A greater activity of an enzyme called 5-alpha-reductase is seen in the skin of people with acne. This enzyme converts testosterone to a more potent form known as dihydrotestosterone (DHT), another cause of acne.[1-2]
Foods to Prevent Acne
Nutrition does play a role in acne, in both treating and preventing.
A high protein diet may help. In one study, individuals who were fed a high protein diet (44% protein, 35% carbohydrates, and 21% fat) showed a substantially less conversion of testosterone to DHT. A high carbohydrate diet (10% protein, 70% carbohydrates, and 20% fat) had the opposite effect.

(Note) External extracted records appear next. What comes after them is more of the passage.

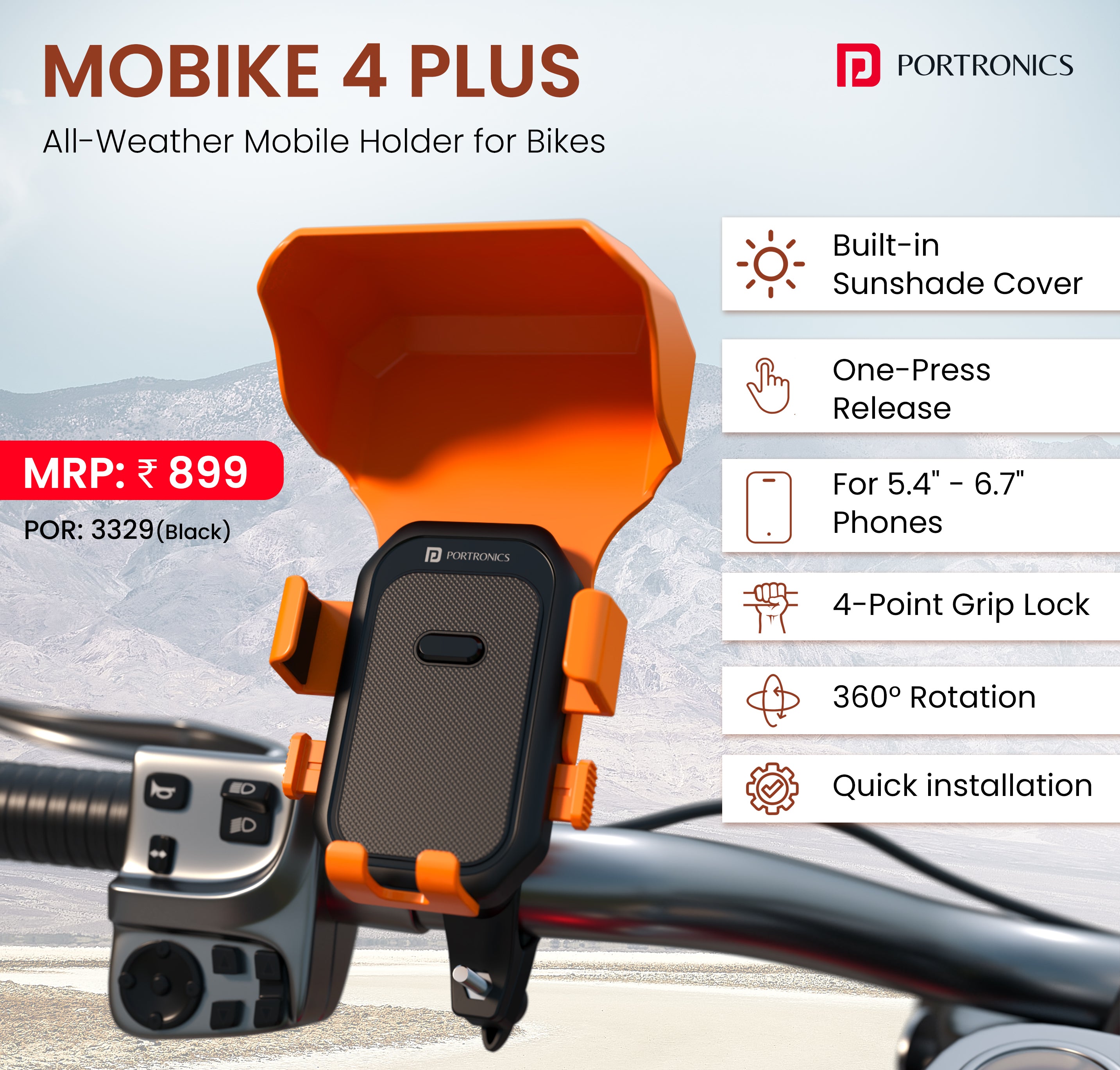 360° Rotatable Bike Mobile Holder | Handlebar Mount | 4-Point Grip Lock | Fits 5.4-6.7 Inch Smartphones | For Maps & Navigation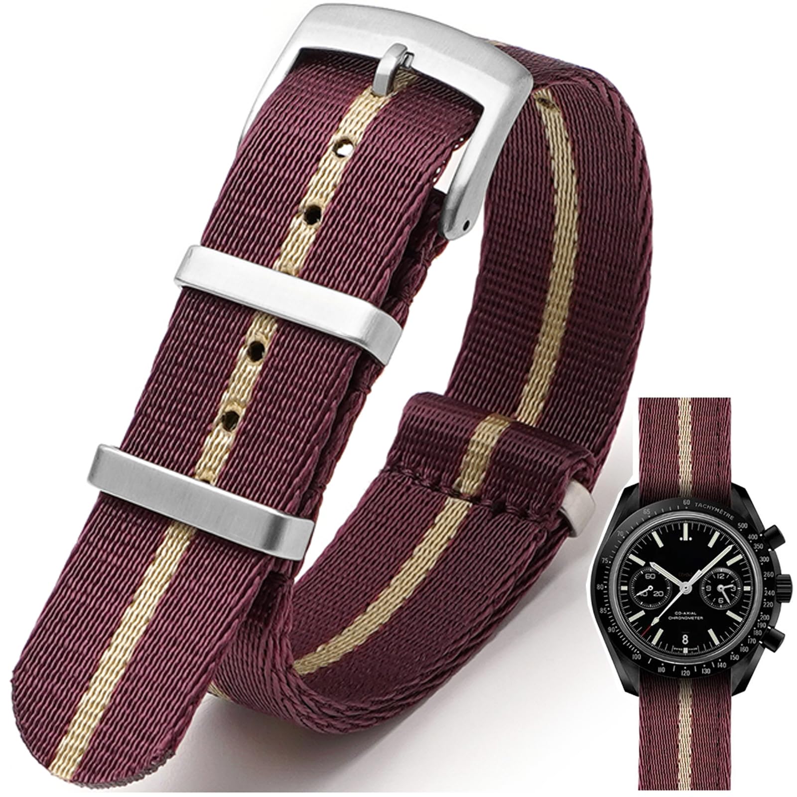 【Premium Material】Our nylon watch band are made of 1.5mm thick premium ballistic woven nylon materials, soft, breathable, lightweight and waterproof. And buckle fabricated from 316L surgical grade stainless steel. Nylon strap is heat sealed and stitched, Neat stitching make the band durable. The surface of the watch band is smooth, feels soft and comfortable. The heavy duty stainless steel buckle is also the latest fashion style, solid and sturdy at the same time.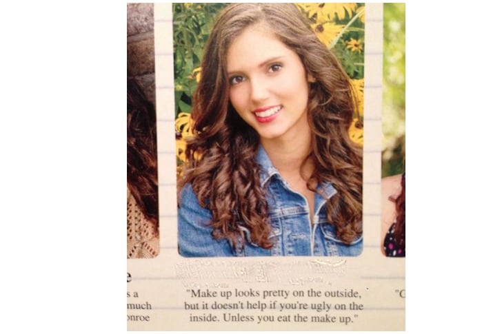 Understanding the concept of satire comedy is unusual for teenagers, let alone using it for a yearbook quote! But a girl successfully defies common assumptions, as she wrote a sarcastic joke about makeup for her graduation message. Luckily, it came out hilarious!

Healthy foods containing protein include lean red meats, fish, eggs, and nuts.
Vitamin A reduces sebum production and the buildup of keratin. Foods high in vitamin A include liver, carrots, sweet potatoes, dark greens, and apricots.
Zinc works with vitamin A in promoting healthy skin. If zinc levels are low, the conversion of testosterone to DHT increases. Foods containing zinc include oysters, beef, liver, crabmeat, fish, and chicken.
If vitamin E levels are low, so are vitamin A levels (regardless of vitamin A supplements). Good sources of vitamin E include whole grains, green plants, egg yolk, liver, nuts, and seeds.
Drink plenty of water. Keeping the skin well hydrated keeps it looking young and healthy.
Foods to Avoid
Avoid the following foods to prevent acne:
- greasy/fried foods
- sugary foods
- foods containing trans fatty acids (including hydrogenated and partially hydrogenated oils).
Milk and foods high in iodine (salt) can also be a cause of acne and should be avoided to prevent acne.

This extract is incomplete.